Levels and distribution of BCNU in GBM tumors following intratumoral injection of DTI-015 (BCNU-ethanol).

The alkylation products formed by in vitro treatment of DNA with tritium-labeled 1,3-bis(2-chloroethyl)-1-nitrosourea ((3)H-BCNU) were identified and quantified. Twelve adducts were resolved by high-performance liquid chromatography (HPLC). The principal DNA adducts formed by BCNU treatment corresponded to N-7-(2-hydroxyethyl)guanine (N7-HOEtG) (26%), N-7-(2-chloroethyl)guanine (15%), and phosphotriesters (19%). In addition, several minor products were identified as 1,2-(diguan-7-yl)ethane, N-1-(2-hydroxyethyl)-2-deoxyguanosine, 1-(N-1-2-deoxyguanosinyl), 2-(N-3-2-deoxycytidyl)ethane cross-link, and O-6-(2-hydroxyethyl)-2-deoxyguanosine, and individually they represented 1% to 5% of the total alkylation. An HPLC-electrochemical method was applied to quantify the levels of N7-HOEtG in samples treated with BCNU. Treatment of either purified DNA or U87MG cells with various amounts of BCNU produced a linear increase in the amount of N7-HOEtG. These results demonstrated that the levels of N7-HOEtG formed by BCNU treatment could be used as a molecular dosimeter of BCNU treatment dose. We measured the levels of N7-HOEtG in DNA isolated from tumor samples taken from four patients with GBM tumors following stereotactic intratumoral injection with DTI-015 (BCNU-ethanol). The level of N7-HOEtG in these samples ranged from 14.7 to 121.9 micromol N7-HOETG/mol DNA within 1 cm of the site of injection. As the distance from the site of injection increased, the levels of N7-HOEtG in tumor DNA decreased. In two of the samples, the levels of N7-HOEtG were 0.2 to 0.3 micromol N7-HOETG/mol DNA at 3.5 to 3.9 cm from the site of injection, demonstrating significant distribution of BCNU in the tumor.
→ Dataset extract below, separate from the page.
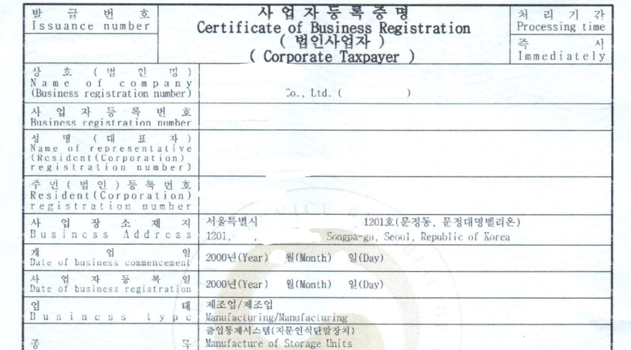 Hợp pháp hóa lãnh sự giấy đăng ký kinh doanh của Hàn Quốc

The levels of N7-HOEtG in these tumor samples corresponded to BCNU treatment concentrations of 0.02 to 43.0 mM. These studies demonstrate that stereotactic intratumoral injection of DTI-015 into human GBM tumors produces high concentrations of BCNU up to 2.5 cm from the site of injection in some of the tumors. These observations suggest that intratumoral injection of DTI-015 may be of benefit in the treatment of primary and recurrent GBM tumors.